The results of our sensitivity analyses were similar to those of the main analyses (See Supplementary Tables S2 and S3). When changing the degrees of freedom for the temperature, the HRs of high-temperature exposure in the third trimester ranged from 1.649 to 1.761 for normal-weight women, 1.686 to 1.784 for those underweight, and 1.715 to 1.825 for those overweight or obese. Concerning the low temperature, the HRs in the third trimester ranged from 1.358 to 1.512 for normal-weight women, 1.588 to 1.825 for those underweight, and 1.319 to 1.411 for those overweight or obese. The results of various degrees of freedom for the relative humidity were similar. Moreover, compared with the results in the third trimester in Model I, the HRs of high-temperature exposure in Model II were 1.778 vs. 1.761 for normal-weight women, 1.782 vs. 1.784 for those underweight, and 1.869 vs. 1.825 for those overweight or obese; the corresponding HRs of low-temperature exposure were 1.520 vs. 1.512 for normal-weight women, 1.852 vs. 1.825 for those underweight, and 1.390 vs. 1.411 for those overweight or obese, respectively.

4. Discussion

The present large cohort study of 251,257 women in Guangdong, China showed that the risk of PTB rose with extreme temperature exposure during the third trimester, but decreased with cold exposure in the first and two trimesters. The association with low temperature was stronger for underweight women, while the association with high temperature was stronger for obese or overweight women. Our results add to the overall information on associations between extreme temperate exposures and PTB. The findings might also have implications for health workers, government officials, and the public to perform prevention strategies in the context of climate change.

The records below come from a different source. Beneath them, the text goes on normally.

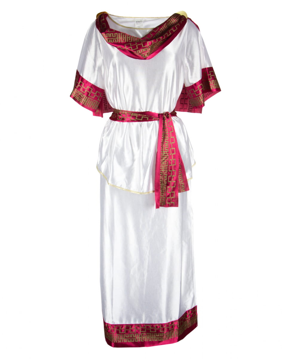 Antike Griechin Kostüm für Fasching und Karneval Elegante historische Kostümierung für adlige Frauen der Antike Werde mit unserem antike Griechin Kostüm für Fasching und Karneval zu einer griechischen Adligen oder Göttin! Auf historischen Mottopartys und an Fastnacht wirst du mit der sexy Römerin-Verkleidung garantiert zum absoluten Eyecatcher! Das antike Griechin Kostüm für Fasching und Karneval besteht aus einem bodenlangen, schneeweißen Kleid und einem Gürteltuch. Das Kleid des Römerin-Kostüms weist an der linken Seite einen sexy Einschnitt für dein Bein auf und an der Hüfte eine Raffung, die von einer goldenen Borte verziert wird. Die Säume des historischen Kostüms werden von roten Bändern mit goldenen antiken Symbolen geschmückt, wie auch der lockere Kragen im römischen Stil und das Gürteltuch, mit dem du dein Faschingskostüm auf die gewünschte Taillierung gurten kannst. Lieferumfang: 1x Antike Griechin Kostüm für Fasching und Karneval Inhalt: 1 Kleid, 1 Gürteltuch (Schmuck nicht inkl.) Farbe: weiß/rot/gold Größe: M, L, XL (entspricht Konfektionsgröße 42, 44 und 46) Material: 100% Polyester Der Artikel ist für Erwachsene und kein Spielzeug. Nicht für Kinder unter 3 Jahren geeignet. Kann Kleinteile enthalten, die verschluckt werden können – Erstickungsgefahr. Von Feuer und offenen Flammen fernhalten.
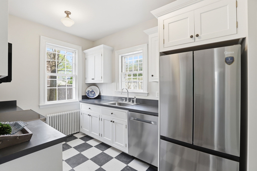 Charming condo set within a beautifully maintained two-unit antique Cape, blending historic character with modern comfort. Enjoy the privacy of a single-family feel alongside the ease of condo living. This thoughtfully updated unit offers 2 bedrooms and 1.5 baths, featuring a modern kitchen with new stainless steel appliances and refreshed bathrooms designed for today’s lifestyle. Wide pine floors, high ceilings, and a warm, inviting layout define the space, including a spacious living room, an entertainment-sized dining room, and an updated kitchen. The first floor also includes a convenient half bath with laundry hookup. Upstairs, you’ll find two bedrooms and a full bath. Additional highlights include dedicated parking and extra storage. Ideally located just minutes from downtown Hingham, local shops and dining, and the commuter rail, this home presents a rare opportunity to own a piece of history with all the comforts of modern living.
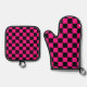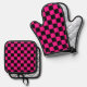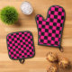 Gekreuzte Quadrate heißen rosa schwarzen geometrischen Retro Oven Mitt & Pot Holder Set. Cooles geometrisches rechteckiges Muster in Retro. Vintage Fliesen schwarz und heiß rosa modernes Schachbrett.

There is mounting interest in the health impact of extreme weather conditions. Previous systematic reviews found a significant association between extreme temperature and PTB, especially high temperature (13, 28). Our results supported the prior finding that extreme heat elevated the risk of PTB during the whole pregnancy period. Currently, several plausible assumptions support the related mechanism, which attributes the high-temperature effect to the change in maternal hormone secretion and inflammation. To be specific, when heat exposure increases, maternal dehydration occurs, reducing the body fluid level and uterine blood flow (2931). At the same time, the weakened maternal thermoregulation results in the release of cortisol, including increased secretion of oxytocin, prostaglandin, antidiuretic hormone, etc., which stimulates uterine contraction (3234). Moreover, placental inflammation and dysfunction due to heat stress may also contribute to the increased risk of PTB. On the other hand, only a few studies focused on developing countries and involved the effects of cold exposure in their studies. Moreover, whether the impact of cold exposure reduces or increases the risk of PTB remains controversial at present. Overall, more studies reported the effect of cold exposure was harmful rather than protective, supporting a U-shaped association between ambient temperature and PTB (8, 3537). Previous evidence indicated that vasoconstriction and blood viscosity increased in response to cold exposure, possibly reducing placental blood flow and thus affecting fetal growth (10). In our study, cold exposure was protective in the first and second trimesters, similar to the results of a few studies (11, 38). However, the possible physiological processes remain unclear. The variation of cold exposure impacts requires more research to fully clarify the phenomena.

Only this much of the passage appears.